■ **Data**
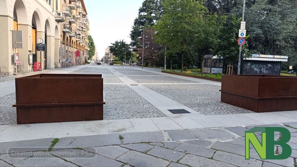 Via i "vasoni" che davano sulla rotonda con via Lamarmora e via Torino e su viale Matteotti, nella nuovissima piazza Vittorio Veneto a Biella sono arrivati grandi vasi in corten, in linea con l'arredo scelto per via Italia e Riva dall'amministrazione Cavicchioli.
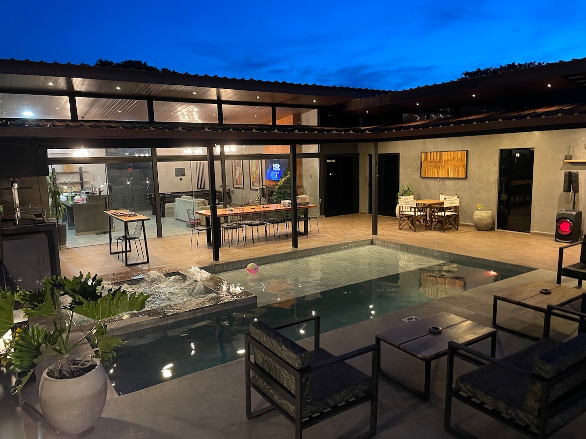 Apollonio es una casa de campo para 12 personas, ubicada en Santa Cruz a 10 minutos de Warnes y 6 minutos de La Bélgica. Ideal para realizar juntes familiares o con amigos, celebrar cumpleaños. Piscina, jacuzzi con hidromasaje, aire acondicionado en toda la casa, internet wifi, Tv cable, equipo de sonido, mesa de billar profesional, mesa de ping pong, dardos, churrasquera, caja china, grill eléctrico, chimenea, habitaciones con a/c con baños privados y compartidos.
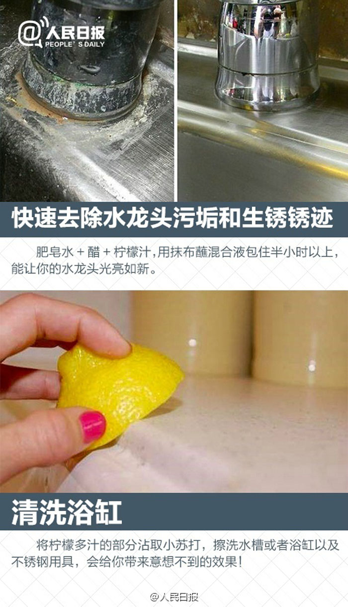 厨房和卫生间总是家里最难清洁的地方,想让厨房和卫生间变回最初干净纯白的样子?抽油烟机脏:温水+食用碱;锅底黑:小苏打+保鲜膜;花洒堵:白醋+柠檬;浴室砖墙黄:洁厕液……最实用的清洁小妙招↓↓油、脏、臭,通通解决!趁假期,动手打扫吧!

■ **Your instructions**
Pictures stay out; the data above is to be returned exactly.

■ **Your response**
 Via i "vasoni" che davano sulla rotonda con via Lamarmora e via Torino e su viale Matteotti, nella nuovissima piazza Vittorio Veneto a Biella sono arrivati grandi vasi in corten, in linea con l'arredo scelto per via Italia e Riva dall'amministrazione Cavicchioli.
 Apollonio es una casa de campo para 12 personas, ubicada en Santa Cruz a 10 minutos de Warnes y 6 minutos de La Bélgica. Ideal para realizar juntes familiares o con amigos, celebrar cumpleaños. Piscina, jacuzzi con hidromasaje, aire acondicionado en toda la casa, internet wifi, Tv cable, equipo de sonido, mesa de billar profesional, mesa de ping pong, dardos, churrasquera, caja china, grill eléctrico, chimenea, habitaciones con a/c con baños privados y compartidos.
 厨房和卫生间总是家里最难清洁的地方,想让厨房和卫生间变回最初干净纯白的样子?抽油烟机脏:温水+食用碱;锅底黑:小苏打+保鲜膜;花洒堵:白醋+柠檬;浴室砖墙黄:洁厕液……最实用的清洁小妙招↓↓油、脏、臭,通通解决!趁假期,动手打扫吧!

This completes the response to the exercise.